Let's see how InsightEdge API used to calculate the price:

val ordersStream = initKafkaStream(ssc, "orders") // step 1

ordersStream
  .map(message => Json.parse(message).as[OrderEvent]) // step 2
  .transform { rdd =>  // step 3
    val query = "location spatial:within ? AND status = ?"
    val radius = 0.5 * DistanceUtils.KM_TO_DEG
    val queryParamsConstructor = (e: OrderEvent) => Seq(circle(point(e.longitude, e.latitude), radius), NewOrder)
    val projections = Some(Seq("id"))
    rdd.zipWithGridSql[OrderRequest](query, queryParamsConstructor, projections)
  }
  .map { case (e: OrderEvent, nearOrders: Seq[OrderRequest]) => // step 4
    val location = point(e.longitude, e.latitude)
    val nearOrderIds = nearOrders.map(_.id)
    val priceFactor = if (nearOrderIds.length > 3) {
      1.0 + (nearOrderIds.length - 3) * 0.1
    } else {
      1.0
    }
    OrderRequest(e.id, e.time, location, priceFactor, nearOrderIds, NewOrder)
  }
  .saveToGrid() // step 5
  • step 1: initialize a stream of Kafka orders topic
  • step 2: parse Kafka message that is in Json format (in real app you may want to use formats like Avro)
  • step 3: for every order we find other nonprocessed orders within 0.3 km using InsightEdge's zipWithGridSql() function
  • step 4: given near orders, we calculate the price with a simple linear function
  • step 5: finally we save the order details including price and near order ids into the data grid with saveToGrid() function

Running demo on a local machine

  1. run mvn clean install from root directory

  2. Launch InsightEdge ./sbin/insightedge mode demo

  3. Launch Kafka.

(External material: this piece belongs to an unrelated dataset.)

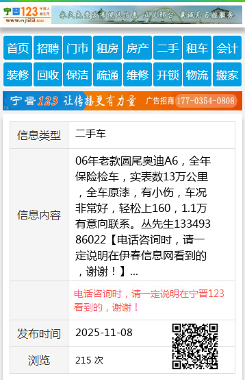 06年老款圆尾奥迪A6,全年保险检车,实表数13万公里,全车原漆,有小伤,车况非常好,轻松上160,1.1万有意向联系。丛先生13349386022 【电话咨询时,请一定说明在伊春信息网看到的,谢谢!】 |

Set KAFKA_HOME env var with export KAFKA_HOME=<path/to/kafka> and then run ./scripts/start-local.sh

  4. Launch Feeder `java -cp feeder/target/feeder-??????-jar-with-dependencies.jar org.insightedge.geodemo.feeder.Feeder

  5. Submit InsightEdge processing from InsightEdge directory ./bin/insightedge-submit --class org.insightedge.geodemo.processing.DymanicPriceProcessor --master spark://127.0.0.1:7077 /path/to/insightedgeProcessing.jar spark://127.0.0.1:7077. Alternatively you can run from IDE with Embedded Spark, see org.insightedge.geodemo.processing.DymanicPriceProcessor.

  6. Launch web app with ./scripts/start-web.sh

  7. Open http://localhost:9000

Summary

We've shown how to create a demo application that processes the data stream using InsightEdge geospatial features.

An alternative approach for implementing dynamic price surging can use machine learning clustering algorithms to split order requests into clusters and calculate if the demand within a cluster is higher than the supply. This streaming application saves the cluster details in the datagrid. Then, to determine the price we execute a geospatial datagrid query to find which cluster the given location belongs to.